The Road by Cormac McCarthy

I watched No Country for Old Men. Then I read the book No Country for Old Men. I found out about his other books including The Road. In my researching about The Road, I found that Oprah had this book on her book list. Naturally my first reaction was, "great, this is some chick book." But knowing the premise of the book, I was a little confused as to how this could be a chick book.

Finally the day came when my copy came in the mail ... an eBay purchase while wondering what I was going to do for a good read over the holidays. I dipped in it the first couple of nights getting to page 50. It was as morbid as it had sounded. Depressing, dreary and hopeless. How could I read such a book around Christmas time?

Last night, after taking a late-afternoon nap, I knew I would be up awhile. I continued from page 50. I told myself I would stop on page 187 ... one hundred pages before the end. It was getting late and Jill had already fallen asleep. I kept reading. Page 200. I'll stop at 220. Page 234. I'll stop at page 250. Page 261 ... OK I'll finish it. I closed the book and couldn't fall asleep. I was too horrified of our own world's future and what I would do with my wife and four kids. I didn't fall asleep quickly.

The Summary

Spoiler Alert ... if you want to read the book and don't want to know what happens, skip this section.
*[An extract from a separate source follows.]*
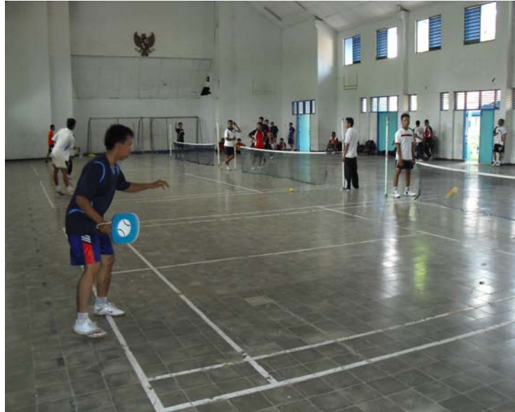
Gambar 2. Praktek Tektik Forehand Groundstrokes

The story is about a man and his son who are trying to survive in a bleak and barren landscape in some unknown post-apocalyptic time. They are in the southwest of the United States and are trying to get to the Pacific Coast. They travel through mountains, abandoned towns, ranches and roads. They push a shopping cart that has all their possessions. They stop at stores, homes and anyplace that might have food and scavenge as best as they can. They are always fighting starvation.

Where is the mother? She killed herself. Shortly after the destruction of the world, she gave birth to their son. The father and mother argued for weeks about suicide. She reasoned that if they got caught, they would rape them all, kill them and eat them. The father wants to go on, but the mother opts out.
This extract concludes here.